Monday, October 27, 2008

WITH COLUMBUS’ PENETRATION, MANY THINGS HAVE CHANGED

WITH COLUMBUS’ PENETRATION, MANY THINGS HAVE CHANGED

It was the season of Apnui (flowered Summer), 516 years after Columbus’ crude penetration into this hemisphere. Sun seemed happy talking with a pleasant and endless powder-blue sky. Soft breaths of wind stirred small ripples across the mirror-surface of the vast and powerful ocean, seeming to slumber in the warmth of the day. It was a pot-luck early dinner encouraged into being by members of the Santa Cruz Indian Council.

It is true. We had clam chowder when we should have had fresh abalone and mussels.
It is true we had contemporary salad when we should have had
seaweed, dandelions and the stomach contents from a freshly taken deer.
It is true we had mashed potatoes when we should have had crushed, boiled seeds from a thousand different abundant plants from the thousand hills.
It is true we had fried chicken when we should have had roasted turtle.
It is true that we had bottled water from the nearby grocery store instead of a basket of water from the nearby fresh-water spring.
It is true that we had cookies and pie instead of a basket of honey we dipped with two fingers, moving it quickly to our mouths like thin, delicious poi.

It seems that our entire diets have been drastically changed because of the great wisdoms found in “civilization.” And in the civilization of the water and the landscape. The vast ocean has been polluted with much waste and today a cautious mother will not allow her children to bathe there, or even wade. The fresh-water springs from earth are damaged and dried up. The ocean is stripped of abalone and the ocean floor is raked clean of clams, shrimp and other creatures out of ecological balance. Turtles no longer lay eggs for their generations to continue. The seaweed is more polluted than the ocean. The variety of seeds upon the many hills atrophy because the air is polluted and often the rain, too. It is difficult to locate real honey nowadays, but every grocery store has an endless variety of “cultured” honey that is not created from flower nectars but from bees in captivity with only sugar-water to knead their honey from.

So many things have changed since the European violation of the western hemisphere, too many to list or remember.

But there was something at that little dinner on the beach that is neither rare nor
atrophying, love. The love between a variety of earth’s people, and the love of our breaths to freely partake of and share the sweetness of our existence and to share our sweeter, sometimes concealed, emotions of fellowship and affection; the love that has deep, untouchable, delicious roots I our hearts, tingly roots that are mysteriously connected to the universe.

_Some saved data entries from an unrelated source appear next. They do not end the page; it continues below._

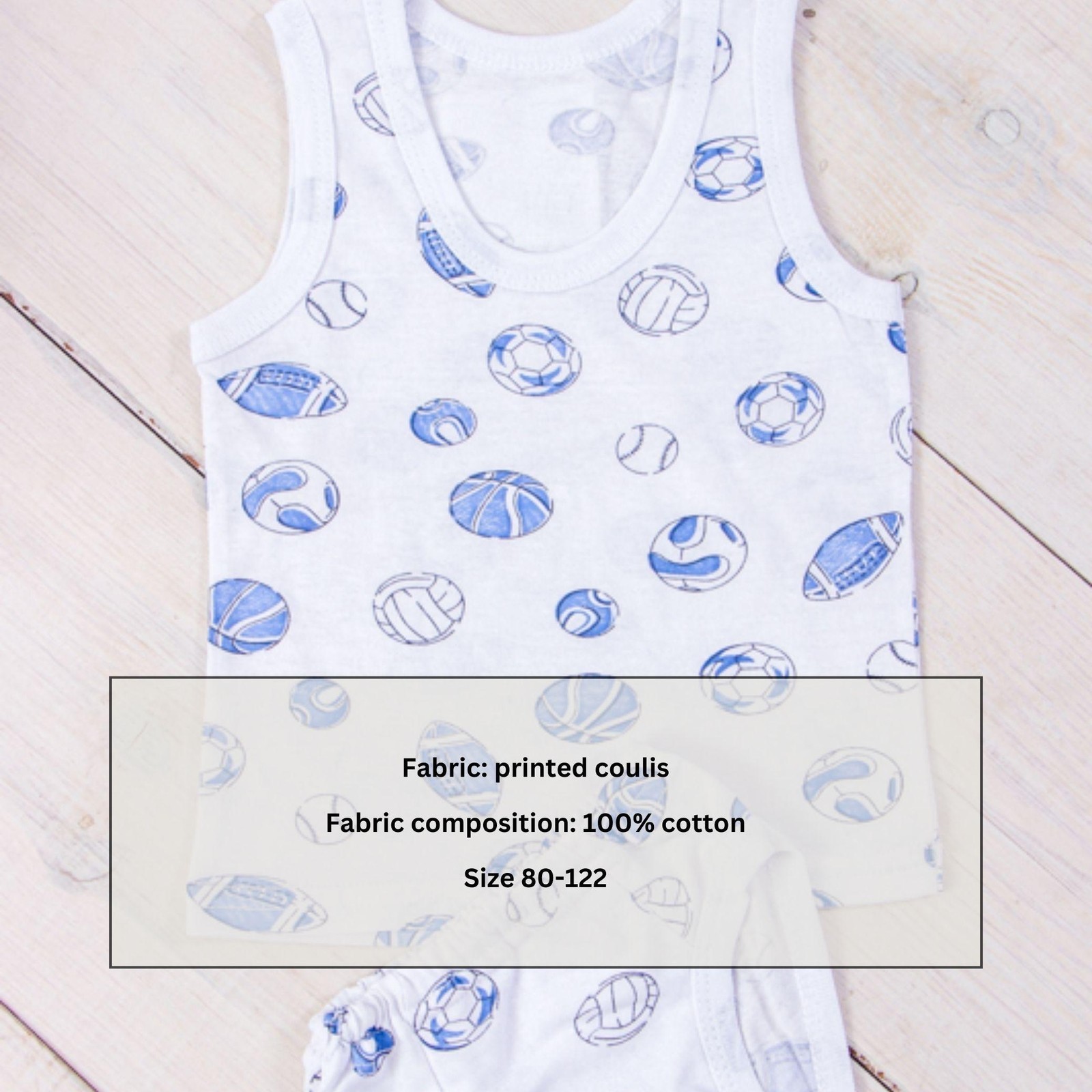 The boys' tank top and briefs set is the perfect choice for everyday comfort and style. The tank top is made from soft, breathable fabric, ensuring comfort and freedom of movement. The briefs complete the set, providing maximum comfort throughout the day. This set is ideal for everyday wear, sports activities, or relaxation. With a variety of colors and a stylish design, the set is a practical and fashionable choice for boys of all ages. Ensure your son?s comfort and style with this excellent set.
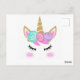 Tackkort för flickas födelsedag med enhörningstema vykort
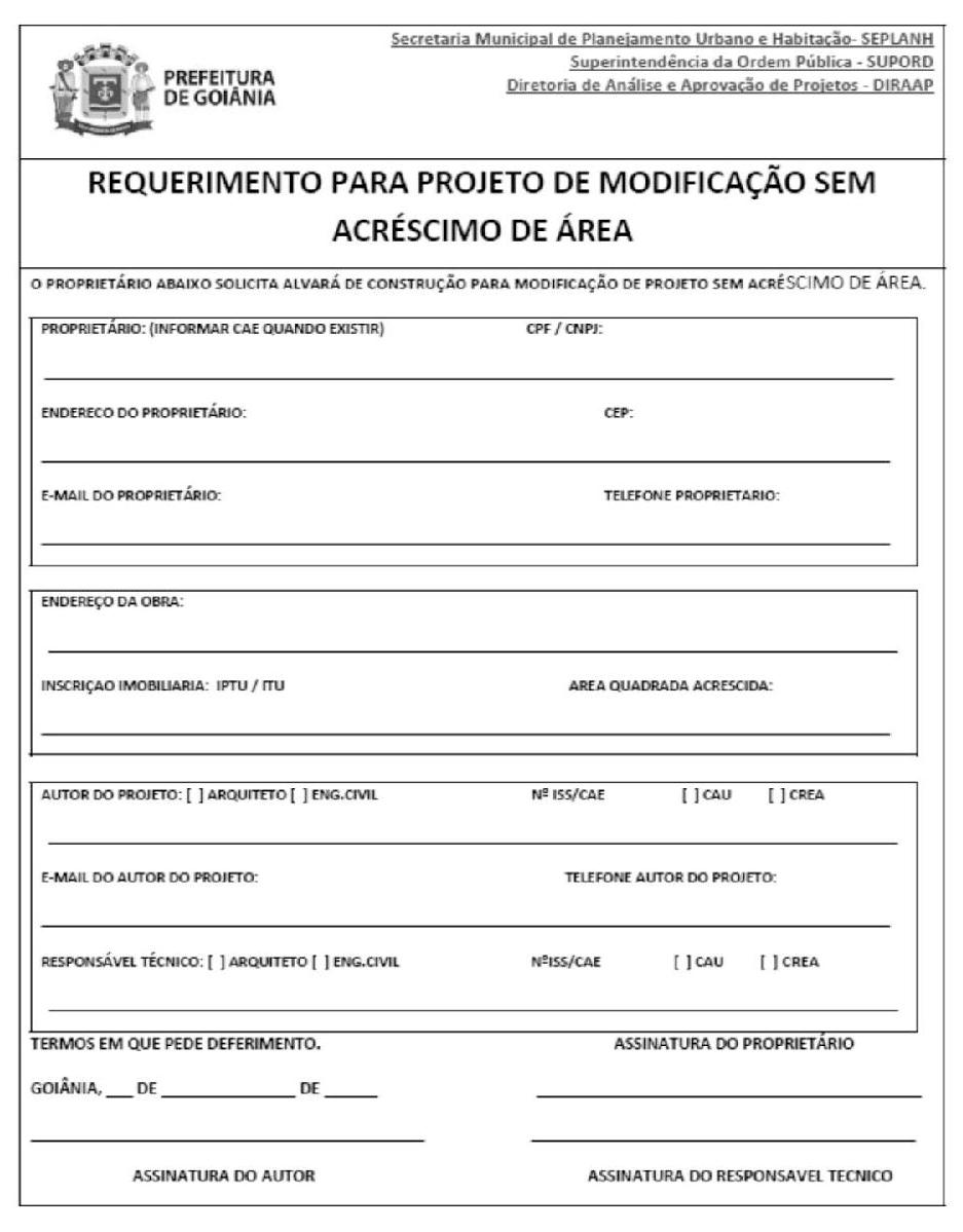 10.1 - Requerimento de alvará de acréscimo, preenchido e assinado conforme modelo;
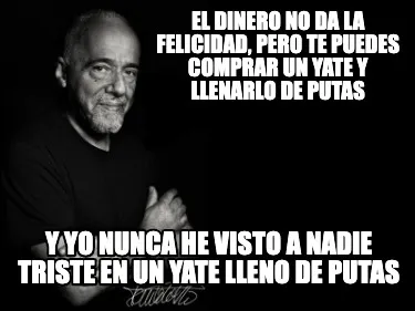 Make your own "El dinero no da la felicidad, pero te puedes comprar un yate y llenarlo de putas" meme with MemeCreator's free online meme generator. Add text, stickers, and drawings — then download or share. No watermark, no sign-up required.
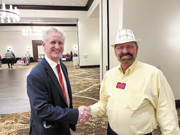 Tim McCormick shaking hands with Don Hicks (I) for Precinct Chair prior to the forum
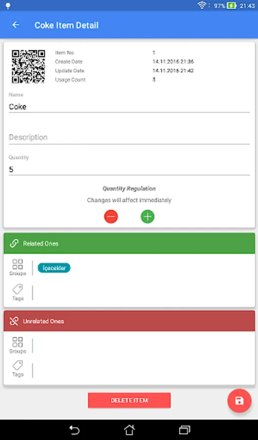 We support the most used universal 16 different type of QR Codes and universal barcode types for scanning. Scanning codes gives super easy management of your objects. Once you scan your objects you can go to that object details. By using Scanner Mode, you can change your item's quantities directly by only scanning their codes. If you do not have barcode or QR Code for your objects, our application will create it for you.
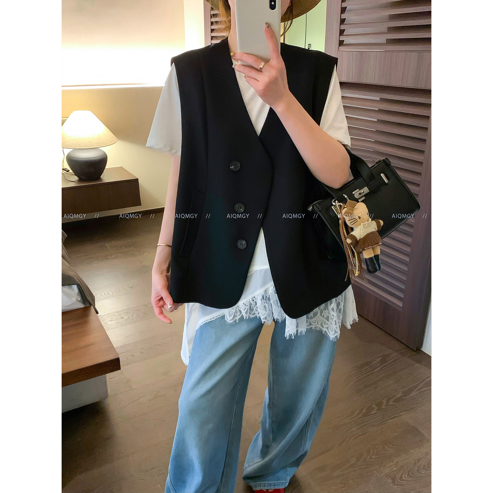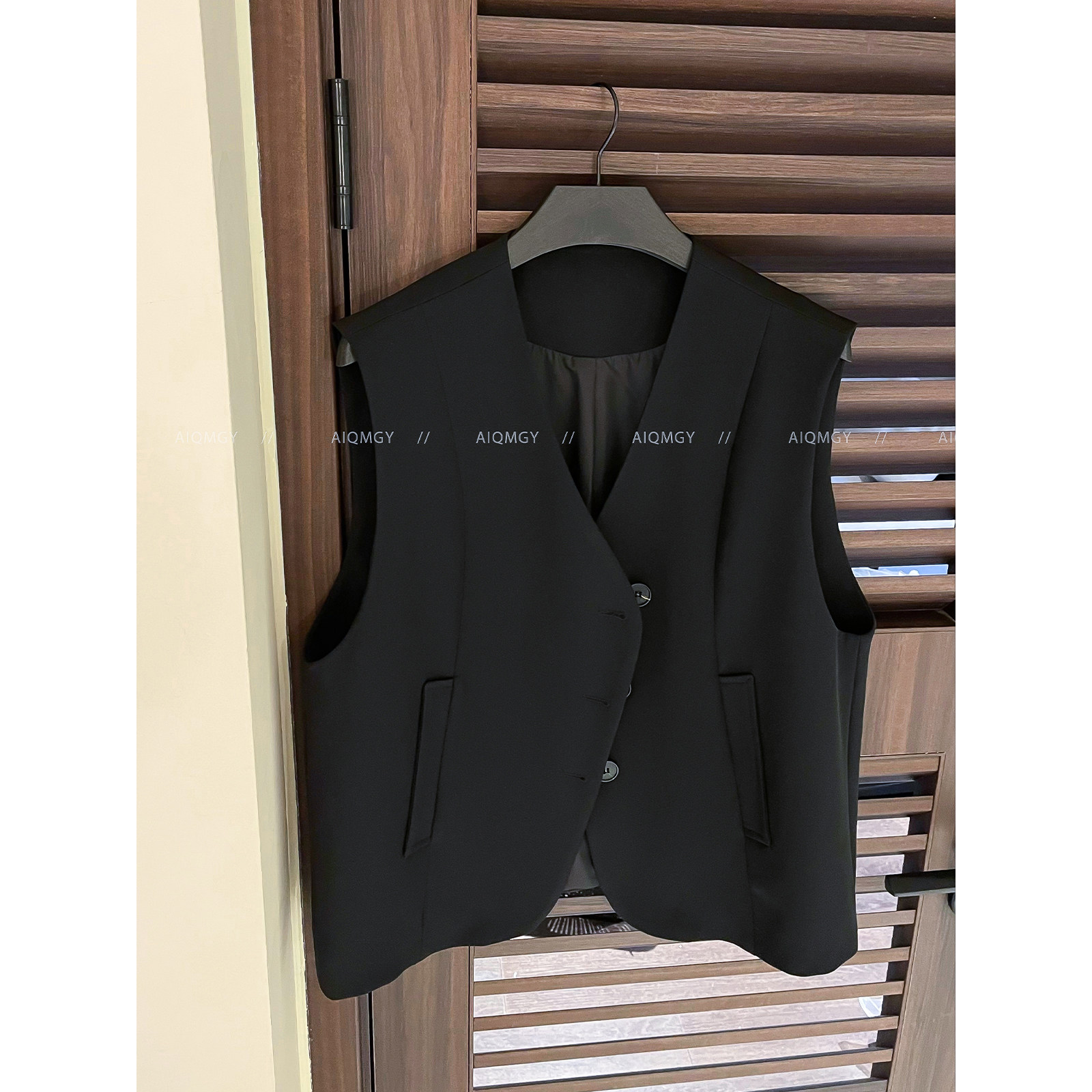 淘宝爱情魔鬼鱼 黑色V领通勤马甲女2026春季新款百搭叠穿外穿上衣外套

Love and dreams made the beans so tender and delicious beyond memory. Love and dreams made the mashed potatoes a fork full of sweet emotions that fed our famished spirits. Love and dreams made the carefully selected ingredients of the salad seem as carefully fashioned as an expression of joy from a lovely child.

That delicate yet eternal love spilled over into my three-hour lecture on the mountain top, which spilled over into the additional hour of sweet chaos after the talk ended, while we gathered under a full moon, fire-red sunset long embers

In 1850, just two hundred years ago, the California legislature passed a series of laws making it an honorable duty to kill indigenous and the bounty for that noble service was the same as for a coyote scalp, $5.00. Today, standing under the sun watching a happiness welding many thoughts into one emotion, this indigenous person flipped through our history seeing many changes to our lives. Standing on the sands, under a vast and silken sky, before a relaxed and endless ocean, laughter exploding all around, I looked far past the powder blue sky to the universe that begins in infinity and touches the infinity within each of our hearts. I thanked Aponiha for the precious moments we had the pleasure to experience, for joining us, and for the love that is in abundance, holding us each just near enough to sun that life is mostly beautiful, but I thanked the Great Powers especially for issuing us each the wisdom to cultivate that sweet emotion I our deeper selves that neither can be altered nor polluted.

Yes, many things have changed since the adventures of Columbus, but love has not. Watching the children run and hearing them scream with delight, wrapped in a protective mantle of open sky, my heart cried.

Thank you Santa Cruz Indian Council, special friends, students of Stan Rushworth’s valued class at Cabrillo college, Santa Cruz, and the Santa Cruz community at large that participated with us on that tender day in October, 2008.